3. If blame clearly has to be apportioned use your considerable knowledge and skill, alongwith your senior status, to convince partner that he/she is the primary culprit. Your share should never exceed 5%, even for the most horrendous cock-up which you were solely responsible for. Stick to your ground at all costs, and keep looking around for other society members who will be willing to back you up, committed to support your flawed and prejudiced analysis.

4. Never harangue partner in a quiet polite manner away from the prying eyes and ears of others. Always do it at maximum volume when the largest audience is present.

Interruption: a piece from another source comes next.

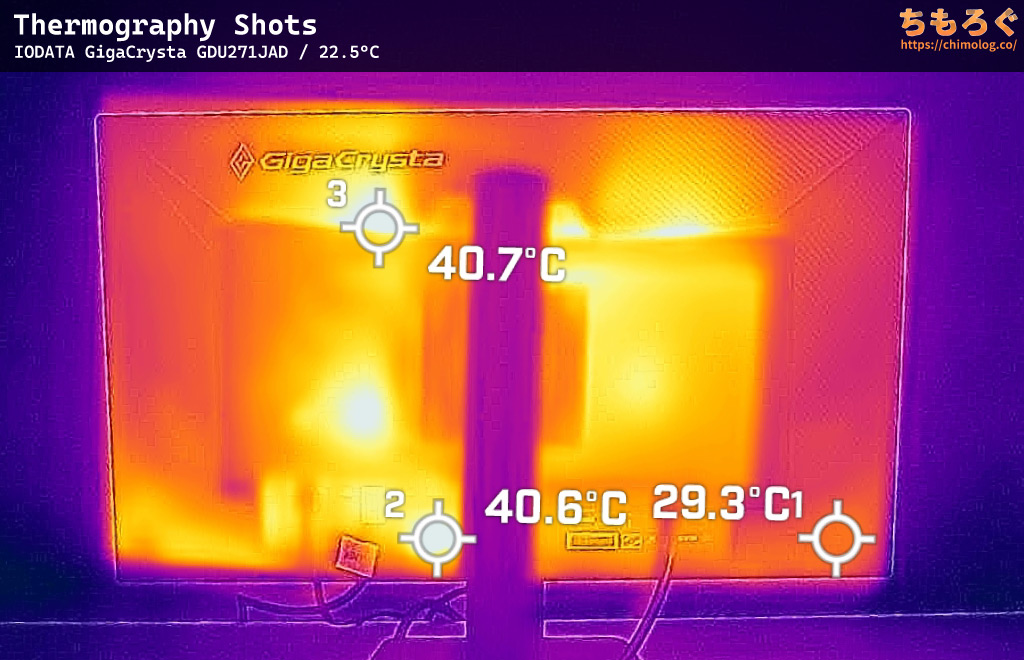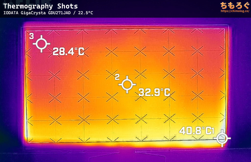 表面温度(サーモグラフィー)は、FF16(HDRモード)を約1時間ほど掛け続けてから撮影しました。

5. Never allow partner to get the first or the last word in. Better still, never let partner get any words in. Crush any attempt for him/her to put up a defence.......but do accept ( begrudgingly of course ) any grovelling, humble, wretched, pathetic, bleating apology offered.

6. Whenever partner is about to bid or play a card use one or more of the following body language techniques: frowns, twitches, glares, sighs, fidgets, finger tapping, teeth-grating, seat sqirming, teeth-clenching, yawns, grimaces, frozen icy looks, wide-open fear-stricken eyes. This guarantees to exert maximum pressure on partner to get it right. In the event he/she doesn't, then be ready to pounce with a severe reprimand for any deviation that meets with your disapproval.

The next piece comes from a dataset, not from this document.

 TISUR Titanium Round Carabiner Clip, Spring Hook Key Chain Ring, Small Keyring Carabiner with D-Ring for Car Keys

7. Never under any circumstances praise partner for any bids or card play worthy of merit. Always be ready to point out that a better and alternative bid or line of play could and should have been made, even if this is untrue. However, a much better option is to suggest that luck played a huge part in the successful outcome of the board, by virtue of the opposition being so inept and/or the favourable lay-out of the cards.

8. Always be ready to inflict biting and cutting remarks whenever and wherever possible. Develop that sharp-tongue, razor-sharp wit,alongwith a massive repetoire of classic ( but venomous ) one-liners and put downs.

9. Always maintain an air of arrogance, superiority, and absolute self-belief, but never be afraid to reveal your impatience, annoyance, pain and suffering the moment partner makes a mistake.

10. Always remind partners that they been blessed with the privilege and honour to be playing with such a distinguished person as yourself, but for you to be partnering them required a huge sacrifice and gesture of goodwill on your part.............for which they should be eternally grateful.

( Membership to this covert society of bridge bullies can not be applied for : the only way in is for you to be approached, and invited to join, by an existing member, who feels that you are already displaying the right attributes and credentials to be a fully-fledged bridge bully. However, acceptance into the fold does involve being put through a rather unpleasant initiation ceremony at their secretly located lodge.)